The The opposite of spoiled the author does not require that the allowance be tied to chores. Instead, he advises giving children a small amount each week to teach them the value of saving and spending wisely, and then increasing that amount as the children grow older.

I do not agree. I think payments should be tied to additional services or contributions beyond being a participating household member. I take this approach from one of my kids’ preschool teachers (yell at Mrs. Sarah!) Similarly, I don’t get paid to make my bed, clean my room, or take my plate to the sink, and my kids don’t. more. I’ll gladly pay to blow the leaves, mow the grass, take the garbage out of the cars, and do any extra dirty work (which I don’t want to do on my own!).

Your child has probably learned to ride a bike with training wheels. Why should learning to manage money be any different? Fortunately, I have learned that there are debit cards designed specifically for children. For example, Greenlight® debit cards allow kids to set financial goals – maybe they want a new bike or skateboard – and work to achieve them. They may see the benefit of saving their allowance and birthday money or setting aside income from childcare or extra household chores. And if they mess everything up on something stupid, they experience their buyer’s remorse as they strive to increase their savings again.

Meanwhile, parents have flexible control – these are the training wheels – and are alerted when their child makes a purchase. This could be a great solution for parents who always feel like they get hit for small amounts of money – for Starbucks, pool concessions, movie tickets and more, because it all adds up. . And all of these little moments can be great teaching moments.

It reminds me of my teenage years. I don’t remember all the stupid things I wasted money on, but at 15 I remember saving for something I really wanted: a pair of Birkenstocks. These shoes held up and I wore them for years. They were worth every penny.

Many parents dread questions such as “How much money do you make?” Or, “Why is so and so living in a bigger (or smaller) house?” “

As I practice family law, I have learned that what children need most as they grow up is security and consistency. This does not mean that plans, living conditions, schedules and financial arrangements cannot and should not change. This means that children need to know that life changes, but that there will be constants like family, friends and extracurricular activities.
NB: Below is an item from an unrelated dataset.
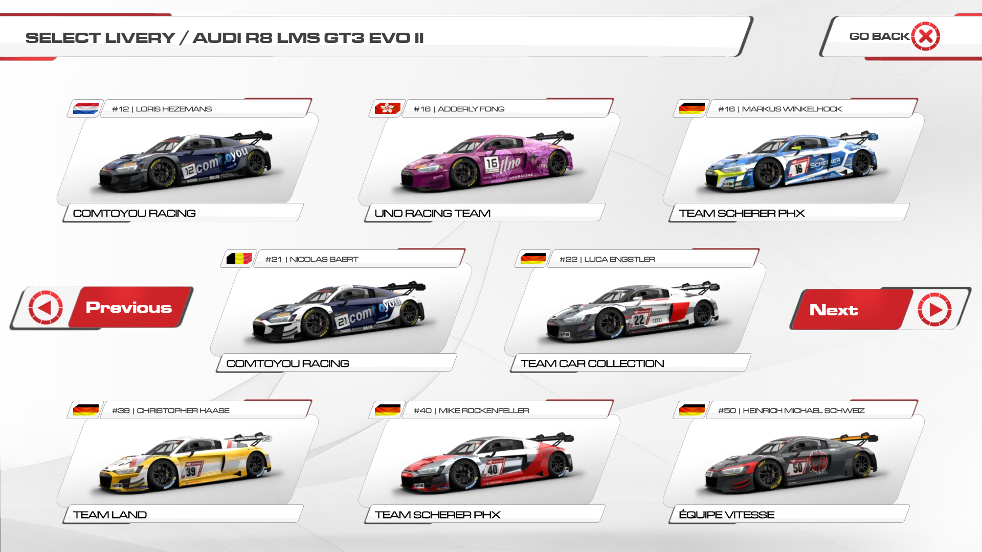 COMTOYOU RACING | LORIS HEZEMANS | 12 | 2023 | GT World Challenge Europe Endurance Cup | ハチマキ、ゼッケンは架空 | https://car-racing-world.fandom.com/ru/wiki/Audi_R8_LMS_GT3_EVO_II_No12_-_ComToYou_Racing | |

Kids don’t really care if you make $ 60,000 or $ 600,000. What matters to them is when they can see you… or see their friends. They want to know that they are safe, cared for and loved. They want to know that you want them to do well in school and chase their dreams. So the next time you squirm when your child asks you an uncomfortable money question, respond with a question in return, “Why are you asking the question?” This gets to the real root of their thoughts and will usually keep you from disclosing all of your pay when they didn’t care anyway.
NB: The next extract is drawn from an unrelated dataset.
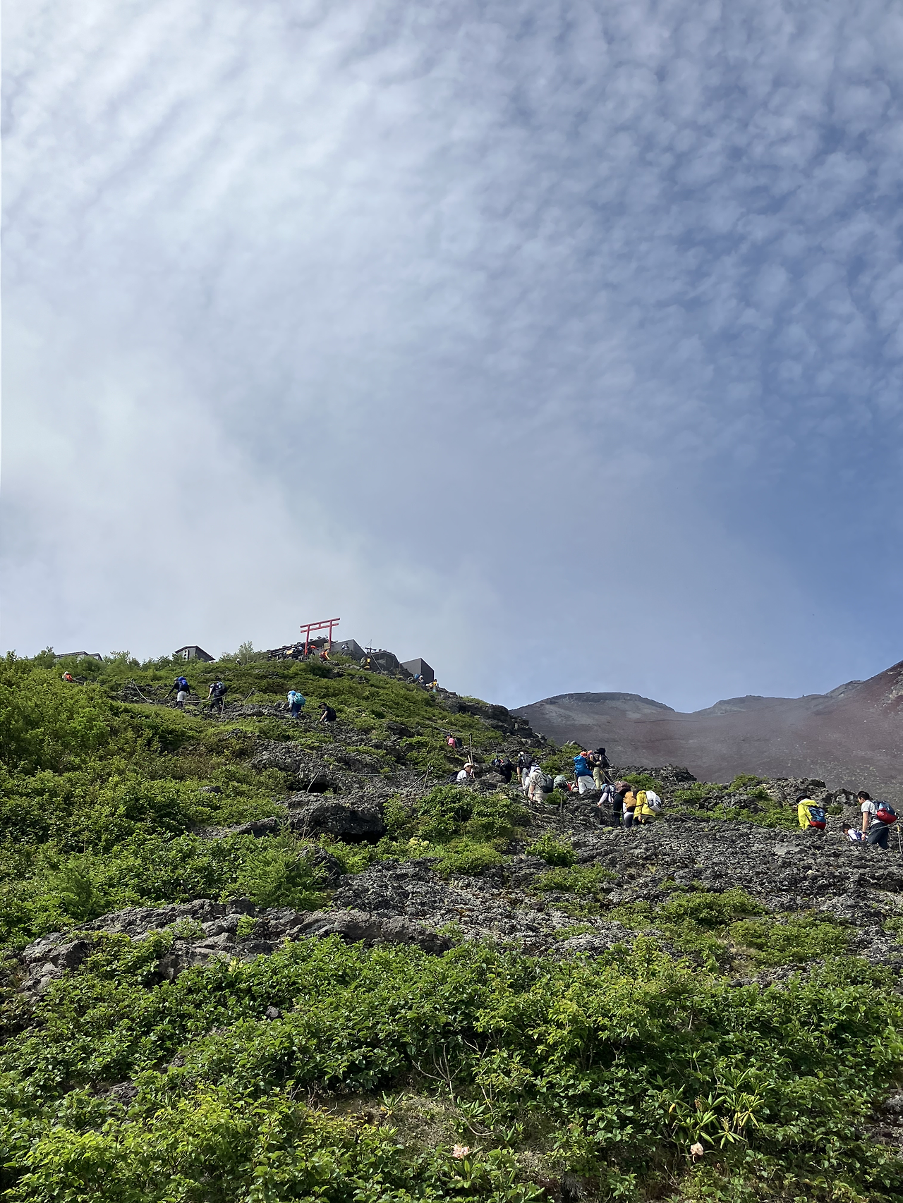 흙길에서 돌산으로 바뀌고 조금씩 경사도 급해지기 시작했다. 보통은 산행 시 팟캐스트를 듣곤 하지만 이날은 핸드폰 배터리를 조금이라도 아끼려다 보니 오히려 온전히 산행에 집중할 수 있었다. 생각을 덜어내고 또 생각을 정리하며 한 걸음 한 걸음 소리 없이 나와 대화를 하며 그렇게 고도를 계속 높여나갔다. 저 멀리 보이는 산장이 나중에 알고 보니 나나고메(七合目) 지점이었다. 아직까지는 호흡도 체력도 전혀 어려움이 느껴지지 않았다. 순간순간이 참 다행이고 고맙게 느껴졌다.
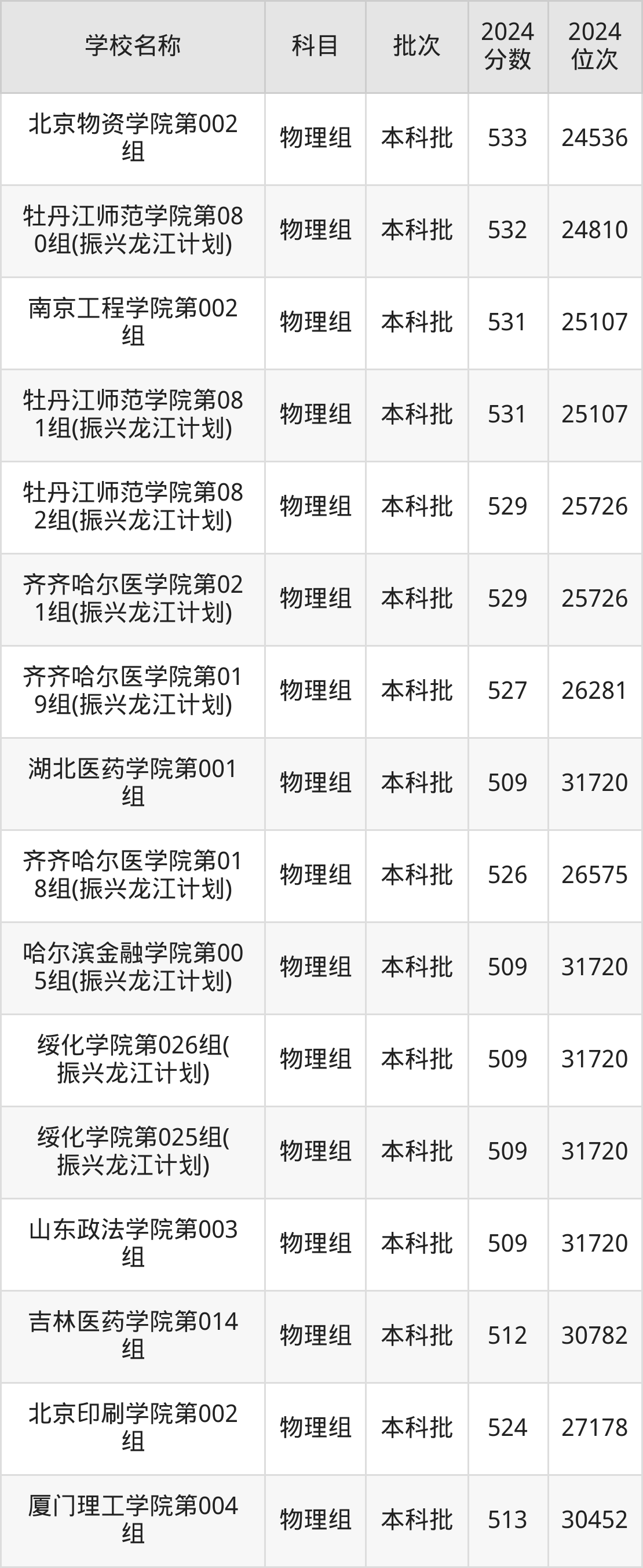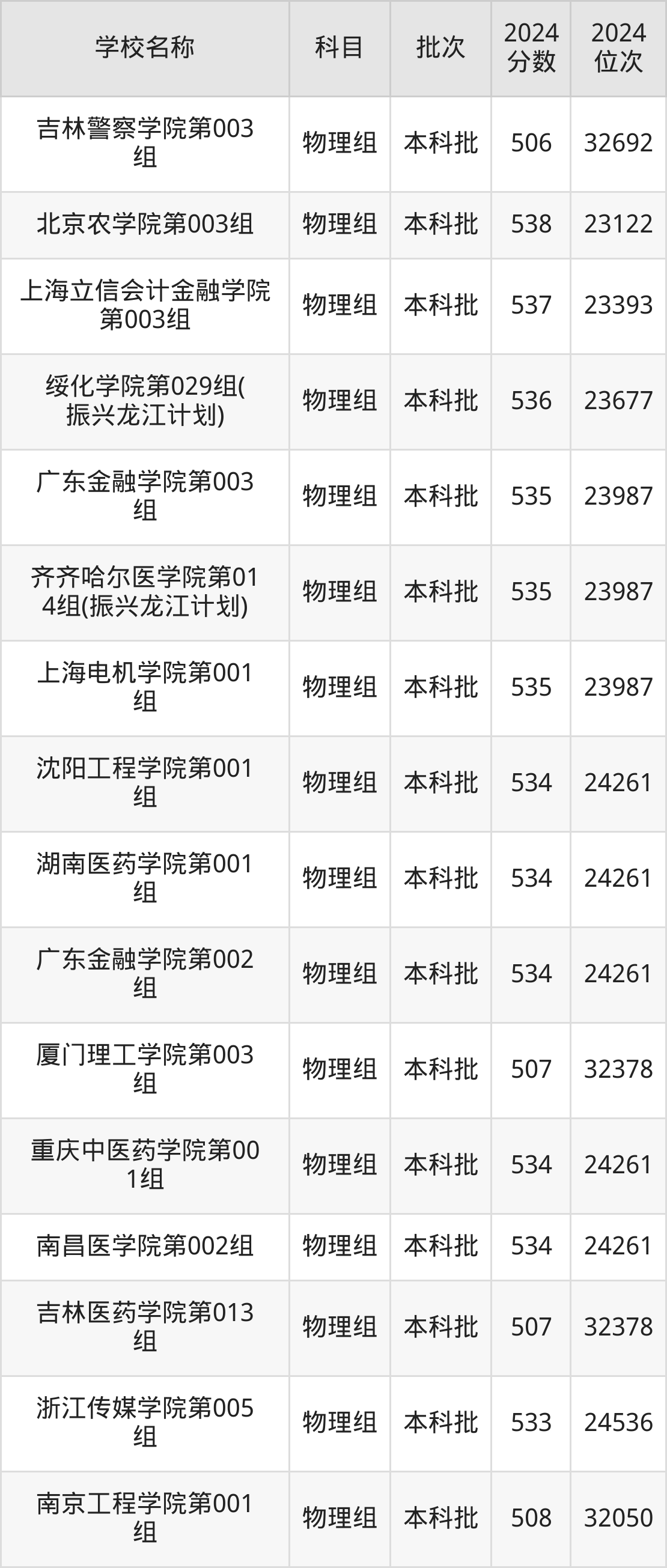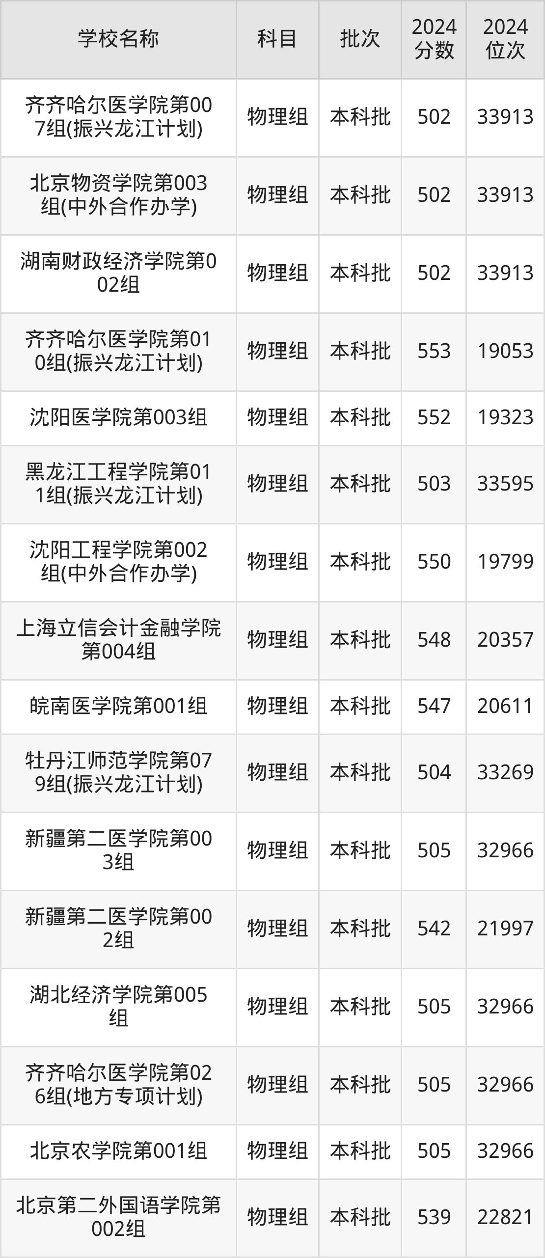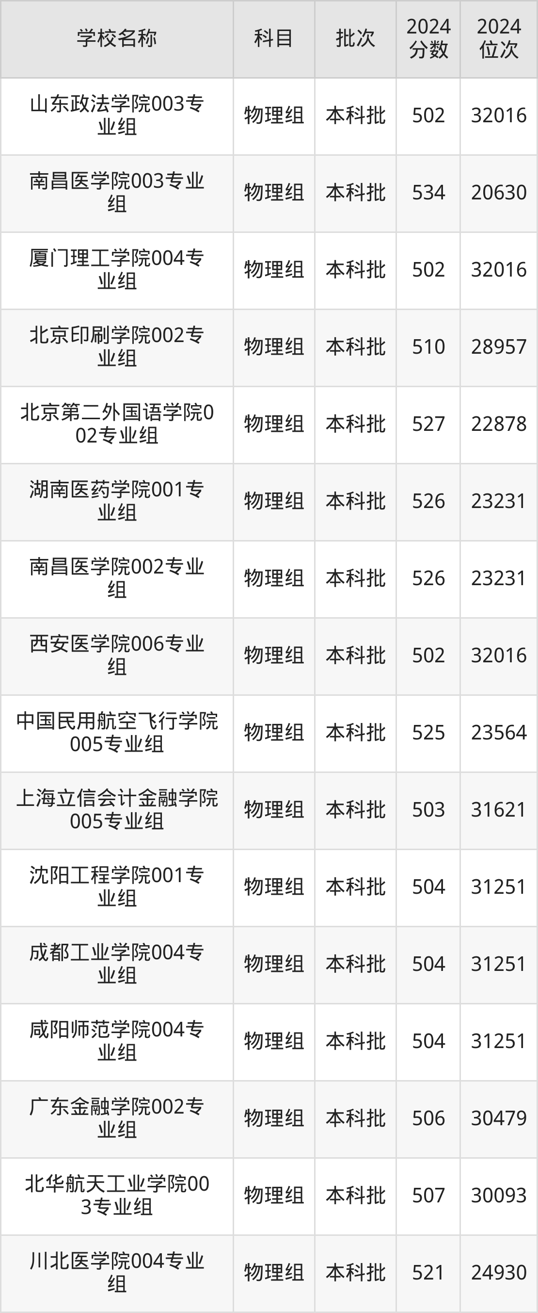 黑龙江高考物理组共有44所二本公办大学在500到600分之间录取,包含西安医学院、川北医学院、北京电影学院、南昌医学院、上海海关学院、上海政法学院、湖州师范学院、齐齐哈尔医学院、沈阳医学院、沈阳工程学院。

All of this reading about money led my son and I to the bank, where we opened his first bank accounts. It was a thrill. He showed the bank safe (!) Enthusiastically. Next, we discussed a strategy for him to regularly add earned money to his account so that he did not incur any monthly bank charges.

I love to see him dive into learning. I love to see him grow up to be a young man – a curious, thoughtful, skillful and interesting young man. I wonder what we’ll learn together next.